Gortat tweeted after a Feb. 1 win that it was a “great ‘team’ victory” and Wall took exception to the portrayal of the team’s cohesiveness and ball movement in his absence, pointing to his assist totals.

The Wizards were 22-19 in Wall’s 41 starts and 21-20 in the games he missed, as Wall averaged 19.4 points, 9.6 assists, 3.7 rebounds, 1.4 steals and 1.1 blocks in 34.4 minutes per game and shot .420/.371/.726.

Against the top-seeded Toronto Raptors in the first round of the playoffs, the teams exchanged home-court wins through the first five games of the series before Toronto captured a 102-92 win at Washington in Game 6 to close out the series.

Wall was outstanding in the series, averaging 26.0 points, 11.5 assists, 5.7 rebounds, 2.3 steals and 1.3 blocks in 39.1 minutes a night, even as his 3-point shot abandoned him — his slash line for the series was .441/.190/.851.

But while guards Wall and Bradley Beal teamed up for 49,2 points a game, Otto Porter was the only other starter to average double-figures (10.0 points per game) and the Wizards struggled to defend the 3-point line as the Raptors shot 41.0 percent from deep in the series.

So what has changed in the offseason? Gortat is gone, traded to the Los Angeles Clippers for guard Austin Rivers, and the Wizards brought in veteran Dwight Howard to man the middle.

Because, you know, adding Howard to a team that already had locker-room issues is sure to solve everything.

It’s hard not to have the sense that the Wizards should be better than they have been.

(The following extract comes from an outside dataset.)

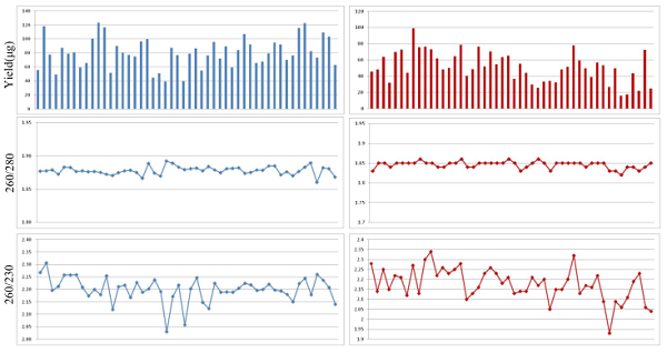 ►志昂试剂盒与其它磁珠法试剂盒提取全血样品比较

In 2014, Washington returned to the playoffs after a five-year absence, winning 44 games and reaching the second round.

But instead of progressing, the team has made the postseason three times in the last four years, missing in 2016 (which led to the firing of coach Randy Wittman and the hiring of current bench boss Scott Brooks), never winning more than 49 games and reaching the second round twice more.

The team is 92-72 since Brooks’ arrival and enters the season as a playoff contender. What they are beyond that, however, is a huge question.

2017-18 Vitals

43-39, eighth in Eastern Conference
Lost to Toronto in first round, 4-2
106.6 PPG (13th), 106.0 OPPG (15th)
109.3 Offensive Rating (14th), 108.7 Defensive Rating (15th)

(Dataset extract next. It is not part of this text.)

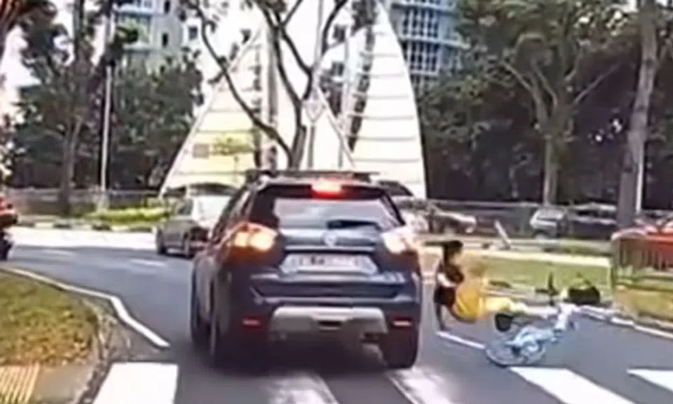 Cyclist and his handphone sent flying after car fails to stop at zebra crossing

Team Leaders (minimum 42 games/82 made 3-pointers)
Scoring: Bradley Beal 22.6 PPG
Rebounding: Marcin Gortat 7.6 RPG
Assists: Bradley Beal 4.5 APG
Steals: Otto Porter 1.5 SPG
Blocks: Marcin Gortat 0.7 BPG
3-point shooting: Otto Porter 44.1 pct.

Bradley Beal (All-Star Game), John Wall (All-Star Game, replaced due to injury)

2018-19 Roster

Bradley Beal, G
Troy Brown Jr., G-F
Thomas Bryant, C
Chris Chiozza, G
Jeff Green, F
Dwight Howard, C
Tiwian Kendley, G
Ian Mahinmi, C
Jordan McRae, G (two-way)
Jodie Meeks, G
Markieff Morris, F
Kelly Oubre Jr., F
Otto Porter, F
Austin Rivers, G
Devin Robinson, F (two-way)
Tomas Satoransky, G
Jason Smith, F-C
John Wall, G

Offseason Arrivals
Troy Brown Jr. (draft), Yusuf Sanon (draft rights, not signed), Austin Rivers (trade, L.A. Clippers, June 26), Thomas Bryant (waiver claim, L.A. Lakers, July 2), Jeff Green (free agent, Cleveland, July 10), Dwight Howard (street free agent, July 11), Chris Chiozza (undrafted free agent, Sept. 7), Jordan McRae (street free agent, two-way deal, Sept. 10), Tiwian Kendley (undrafted free agent, Sept. 10).

Offseason Departures
Marcin Gortat (trade, L.A. Clippers, June 26), Tim Frazier (free agent), Ty Lawson (free agent), Chris McCullough (free agent), Ramon Sessions (free agent), Mike Scott (free agent, L.A. Clippers, July 9).

Also See

Brooklyn Nets 2018-19 Primer: Scanning the East — Atlanta Hawks
Brooklyn Nets 2018-19 Primer: Scanning the East — Orlando Magic
Brooklyn Nets 2018-19 Primer: Scanning the East — Chicago Bulls
Brooklyn Nets 2018-19 Primer: Scanning the East — New York Knicks
Brooklyn Nets 2018-19 Primer: Scanning the East — Charlotte Hornets
Brooklyn Nets 2018-19 Primer: Scanning the East — Detroit Pistons

Against the Brooklyn Nets

Last season (Home team in CAPS)
Dec. 12: NETS 103, Wizards 98
Dec. 22: NETS 119, Wizards 84
Jan. 13: WIZARDS 119, Nets 113, OT

This season
Nov. 16: at Washington
Dec. 1: at Washington
Dec. 14: at Brooklyn
Feb. 27: at Brooklyn

Projected Depth Chart

C: Dwight Howard, Ian Mahinmi
PF: Markieff Morris, Jason Smith
SF: Otto Porter, Kelly Oubre Jr., Jeff Green
SG: Bradley Beal, Austin Rivers, Troy Brown Jr., Jodie Meeks
PG: John Wall, Tomas Satoransky


The Washington Wizards are taking some gambles, but they had to considering they had little cap space and not a lot of pieces that were tradeable.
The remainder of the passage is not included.